- DATA IN THIS EXERCISE
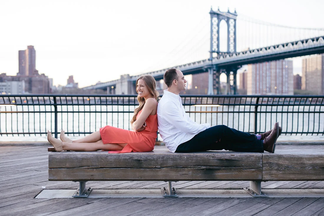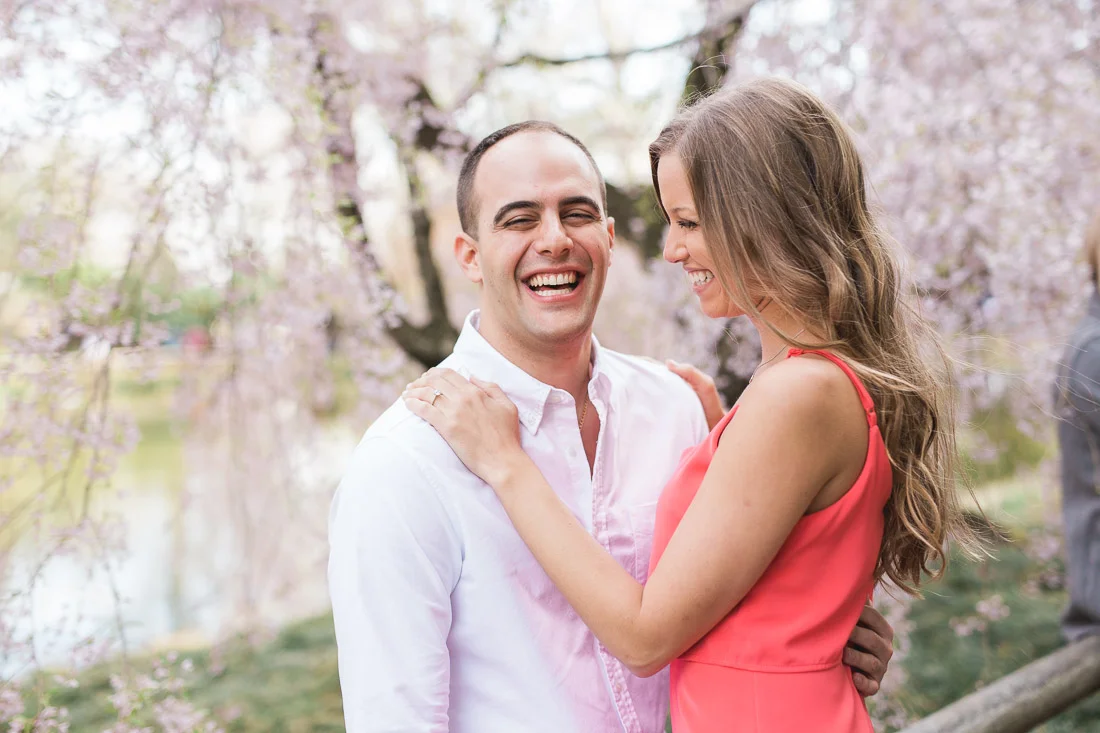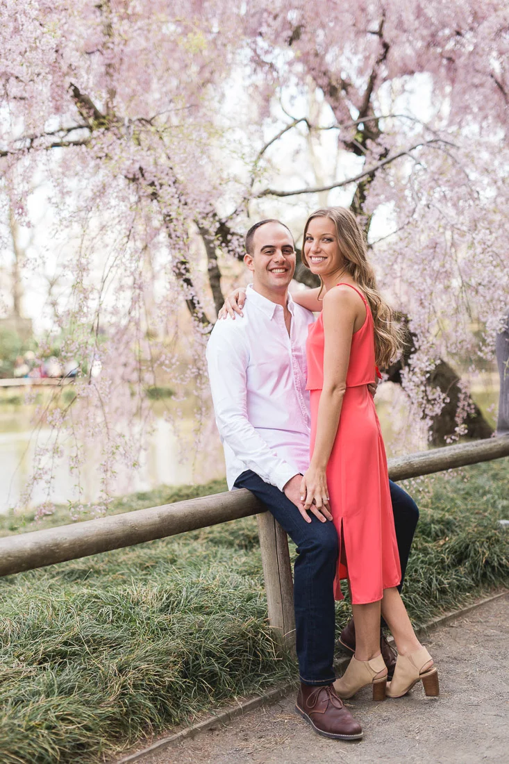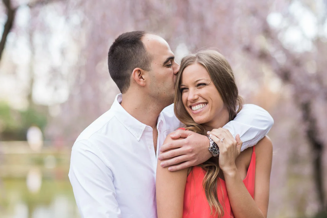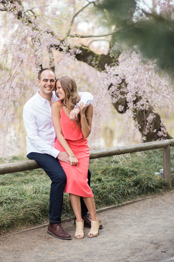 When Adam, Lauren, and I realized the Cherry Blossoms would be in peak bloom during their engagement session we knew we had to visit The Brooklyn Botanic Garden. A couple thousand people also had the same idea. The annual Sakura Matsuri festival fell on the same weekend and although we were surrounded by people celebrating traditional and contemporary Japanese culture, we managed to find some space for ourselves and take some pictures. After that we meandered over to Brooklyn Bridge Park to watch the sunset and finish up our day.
...
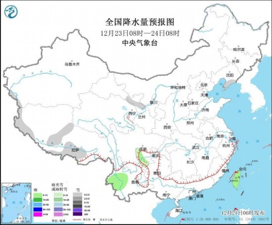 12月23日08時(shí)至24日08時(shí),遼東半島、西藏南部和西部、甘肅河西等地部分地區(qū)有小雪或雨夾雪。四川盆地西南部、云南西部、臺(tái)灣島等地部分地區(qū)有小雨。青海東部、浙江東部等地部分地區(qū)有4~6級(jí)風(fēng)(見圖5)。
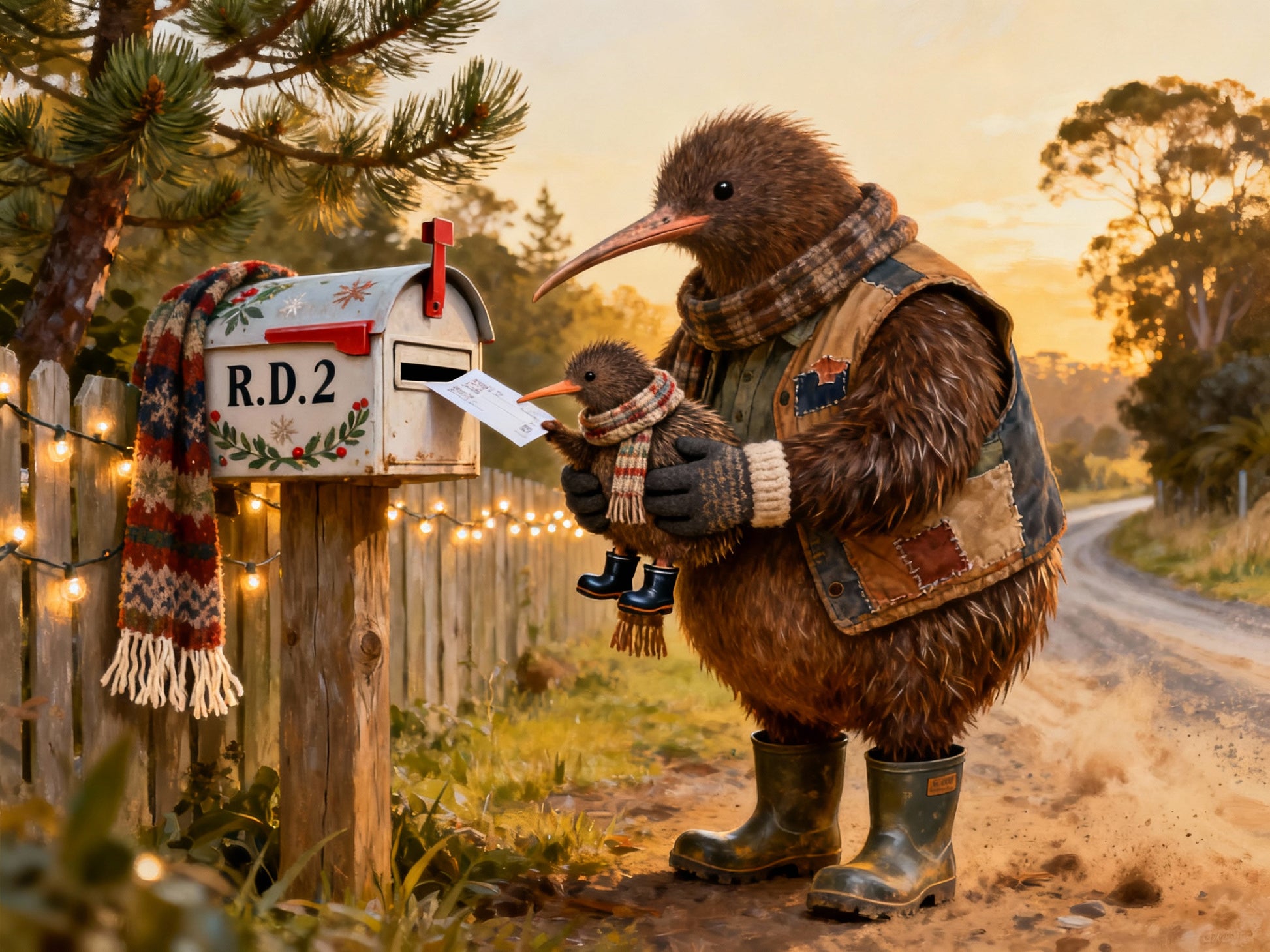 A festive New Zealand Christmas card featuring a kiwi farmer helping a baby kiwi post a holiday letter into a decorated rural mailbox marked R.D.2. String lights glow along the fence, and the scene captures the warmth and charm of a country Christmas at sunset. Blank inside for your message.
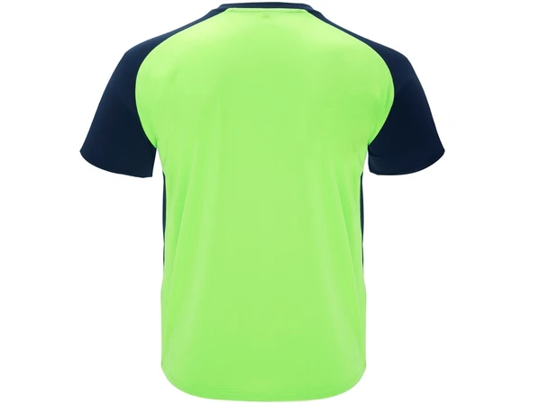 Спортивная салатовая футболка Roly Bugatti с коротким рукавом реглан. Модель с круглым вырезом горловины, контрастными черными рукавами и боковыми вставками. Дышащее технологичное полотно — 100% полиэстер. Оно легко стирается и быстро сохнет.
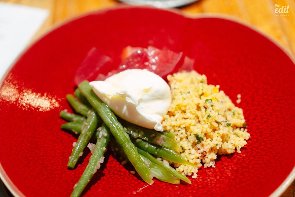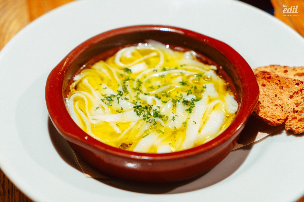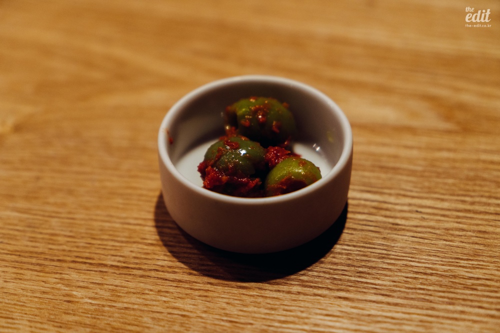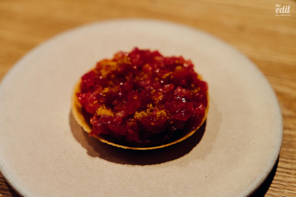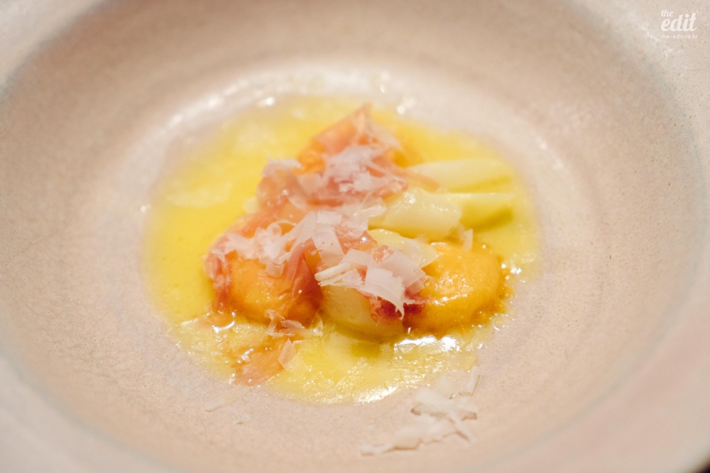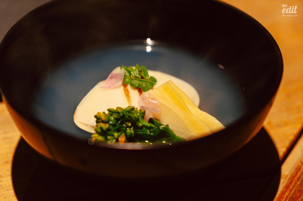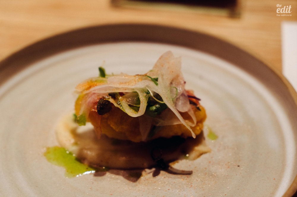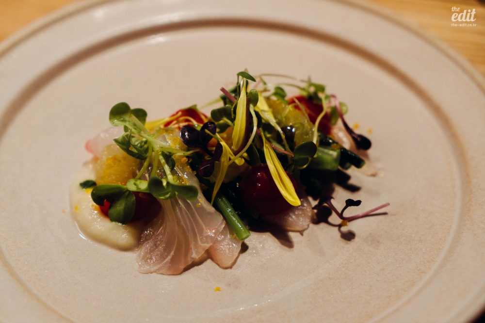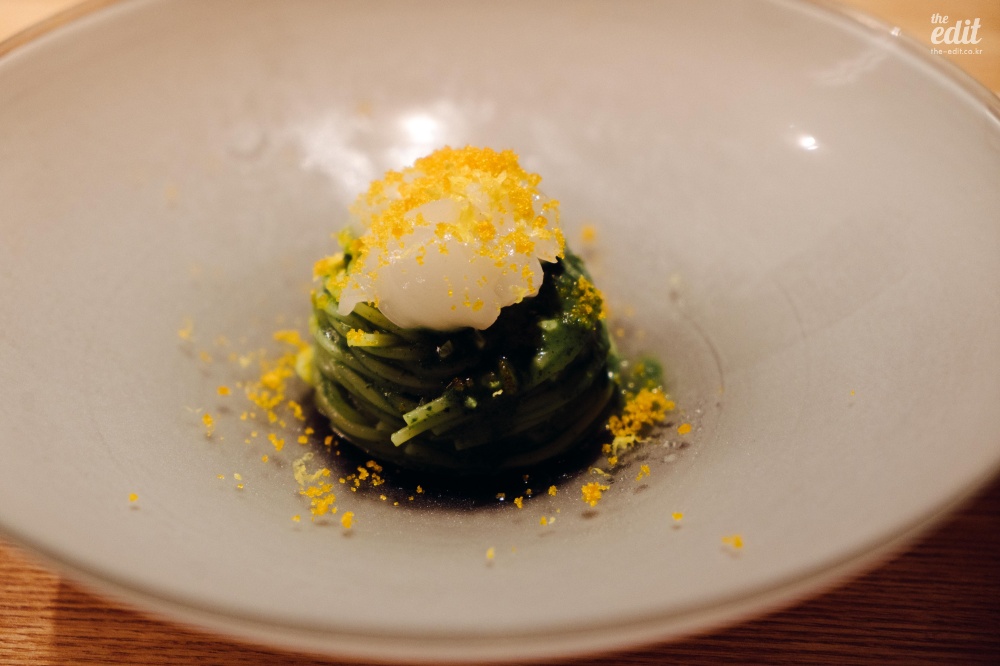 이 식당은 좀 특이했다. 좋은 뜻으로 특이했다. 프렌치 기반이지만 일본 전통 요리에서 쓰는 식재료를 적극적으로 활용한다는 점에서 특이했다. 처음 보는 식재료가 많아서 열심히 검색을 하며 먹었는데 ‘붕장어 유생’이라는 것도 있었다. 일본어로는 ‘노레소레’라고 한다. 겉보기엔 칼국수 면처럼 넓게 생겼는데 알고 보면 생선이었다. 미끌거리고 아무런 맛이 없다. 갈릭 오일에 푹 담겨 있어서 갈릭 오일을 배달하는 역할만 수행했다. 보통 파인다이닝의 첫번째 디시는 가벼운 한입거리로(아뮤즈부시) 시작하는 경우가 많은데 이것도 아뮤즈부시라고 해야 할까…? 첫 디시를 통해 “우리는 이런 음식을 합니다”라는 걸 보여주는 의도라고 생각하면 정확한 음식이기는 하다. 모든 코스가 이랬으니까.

- TASK OBJECTIVE
What is needed is an exact copy of the lines above from the one with "Спортивная салатовая футболка" to the one with "이 식당은 좀 특이했다.", both ends kept, and nothing more; please leave the pictures out.

- FINISHED EXERCISE
 Спортивная салатовая футболка Roly Bugatti с коротким рукавом реглан. Модель с круглым вырезом горловины, контрастными черными рукавами и боковыми вставками. Дышащее технологичное полотно — 100% полиэстер. Оно легко стирается и быстро сохнет.
 이 식당은 좀 특이했다. 좋은 뜻으로 특이했다. 프렌치 기반이지만 일본 전통 요리에서 쓰는 식재료를 적극적으로 활용한다는 점에서 특이했다. 처음 보는 식재료가 많아서 열심히 검색을 하며 먹었는데 ‘붕장어 유생’이라는 것도 있었다. 일본어로는 ‘노레소레’라고 한다. 겉보기엔 칼국수 면처럼 넓게 생겼는데 알고 보면 생선이었다. 미끌거리고 아무런 맛이 없다. 갈릭 오일에 푹 담겨 있어서 갈릭 오일을 배달하는 역할만 수행했다. 보통 파인다이닝의 첫번째 디시는 가벼운 한입거리로(아뮤즈부시) 시작하는 경우가 많은데 이것도 아뮤즈부시라고 해야 할까…? 첫 디시를 통해 “우리는 이런 음식을 합니다”라는 걸 보여주는 의도라고 생각하면 정확한 음식이기는 하다. 모든 코스가 이랬으니까.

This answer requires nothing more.